So I got facial surgery to change how my nose looks. A nose job. Rhinoplasty. Mainly for cosmetic purposes with a nice added benefit of breathing better. If I think about it too hard it’s kind of intense. The psychological experience feels similar to a tattoo. Permanent body modification.
I don’t want to think about it that much. I want to pretend I had this cute little nose since the start. I am happy with how I look. It’s strange, though, to look different halfway through your life. I guess you always look different, but it happens so slowly that you don’t noticed until you’ve already changed.
How could I afford it?
I used to stare at myself in the mirror obsessively and I still do lmao but now I have one less thing to critique about my body.
One thing is for sure: I gained measurable confidence. I’ve always wanted to perform on stage but I was too scared. Post-surgery, I performed stand-up comedy for the first time…and for the third time. I sang at a karaoke bar, SOBER (yes, I am a nerd). Anyway, my stage fright has been resolved.
This sudden burst of confidence made me wonder if cutting off parts of my nose would cut off my feelings of insecurity and inadequacy. But it wasn’t so easy…
I get how people become addicted to plastic surgery. You get one thing done and you feel immediate relief from your obsession…a rush of confidence…but even though your appearance has changed overnight, you still have years of self-loathing to undo.
Loving yourself just doesn’t happen overnight. That’s what I learned most from this experience. It’s so much deeper than the shape of your body. You cannot surgically remove insecurities. You cannot pay a surgeon to exorcise your inner demons.
I reeaaallly thought this surgery would change my life. That it would make me love me. It didn’t technically hurt my chances of self-love and acceptance, but I’m pretty much unchanged in my outlook. I have found new insecurities to fixate on: my weight, my lips, my fine lines…
My brain is stuck in its old habits.
I realized that I still have a nagging insecurity in my head. It didn’t go away. I thought my insecurity was about how I look to other people. But no. I worry about how I am perceived by other people. I got perception and appearance mixed up.

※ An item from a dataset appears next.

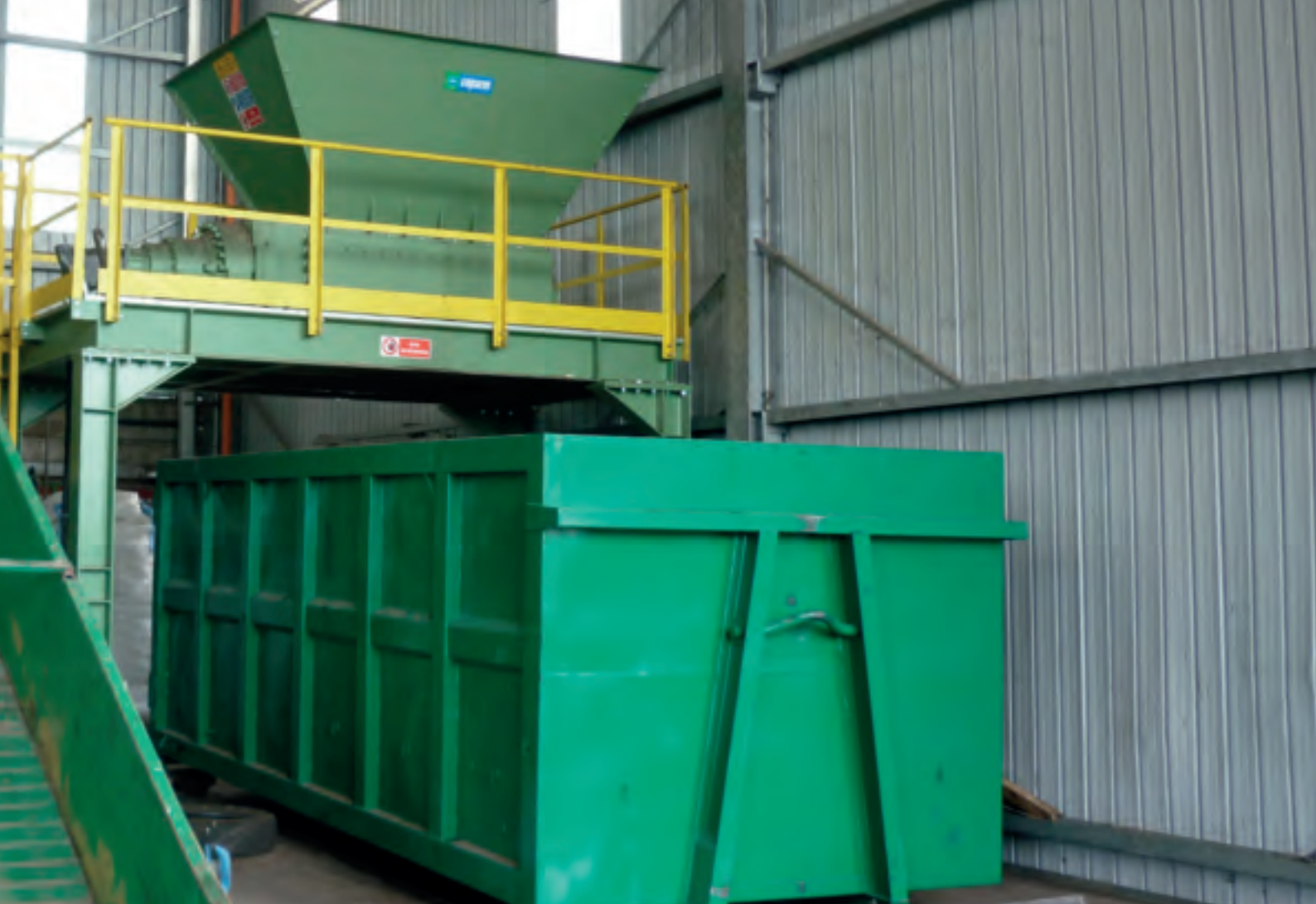
Измельчитель мод. TR 100 - Shredder mod. TR 100

Still, I worry that I will not find my destiny, my true and most beautiful path in life. I still worry that people will see me as small, as spineless, as a demure little thing waiting to do what she’s told.
Do I regret it?
No, I’d make the same choice again.
How could I afford it?
I saved up for a long time. I reaaaalllly wanted this, since I was a kid.
Do I feel prettier?
Yes, I feel prettier, on the outside. I don’t get nervous anymore when I’m driving and there’s someone in the passenger seat who has a perfect view of my side profile. I don’t have to overthink photo angles anymore. I feel prettier in a very scientific way, like mathematically my features are more appealing to others within my species.
Do I feel Beautiful?
I don’t know. Some days are better than others. I am still learning to love and appreciate myself for everything I am. Surgery or no surgery, practicing self-kindness and honoring your true desires are irreplaceable steps towards true self-love.